*TASK BRIEF*.
Copy, exactly as written, the lines that begin at the one containing "- Design: Continuous" and end at the one containing "Avers : Catalogue". Skip any pictures in the data below.

*EXERCISE INPUT*.
┌──
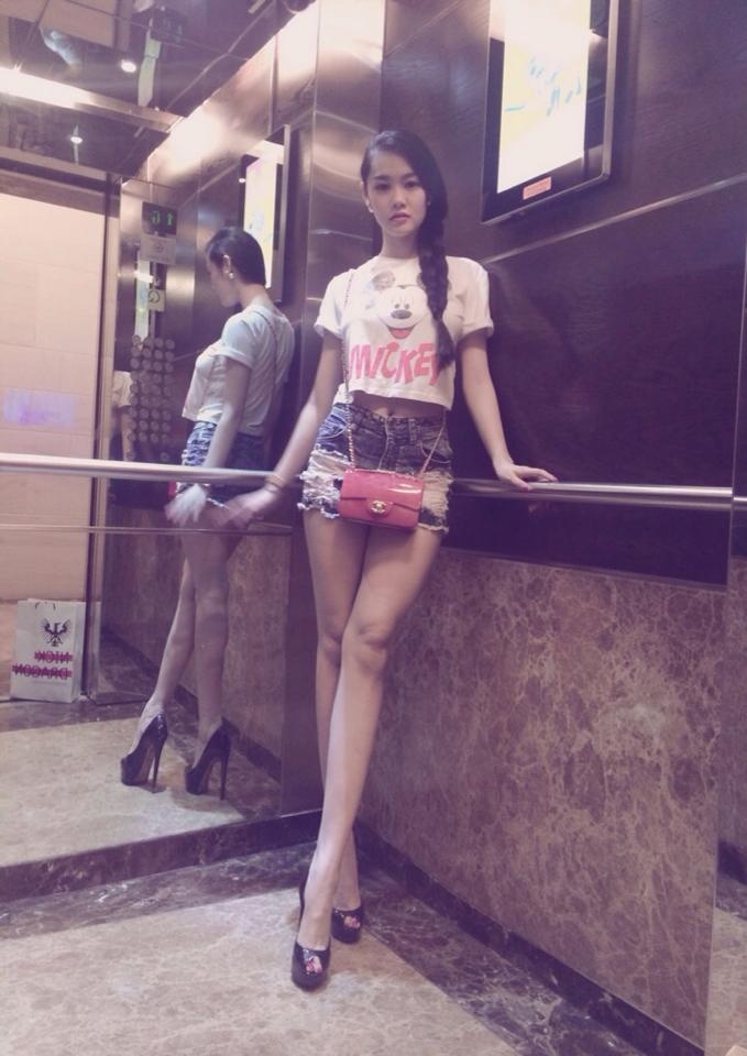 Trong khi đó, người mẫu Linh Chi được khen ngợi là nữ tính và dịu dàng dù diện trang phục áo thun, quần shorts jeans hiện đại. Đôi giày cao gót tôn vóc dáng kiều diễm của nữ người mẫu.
└──
┌──
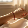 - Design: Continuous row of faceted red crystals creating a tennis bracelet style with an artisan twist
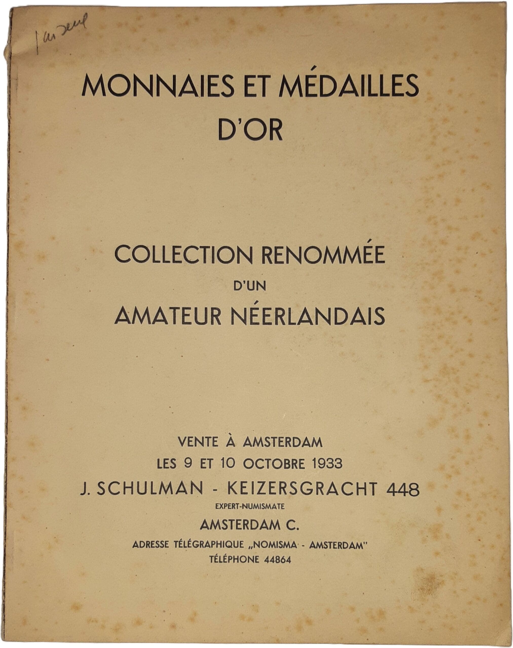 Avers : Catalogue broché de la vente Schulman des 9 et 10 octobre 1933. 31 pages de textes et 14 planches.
└──
*RESPONSE TO THIS TASK*.
 - Design: Continuous row of faceted red crystals creating a tennis bracelet style with an artisan twist
 Avers : Catalogue broché de la vente Schulman des 9 et 10 octobre 1933. 31 pages de textes et 14 planches.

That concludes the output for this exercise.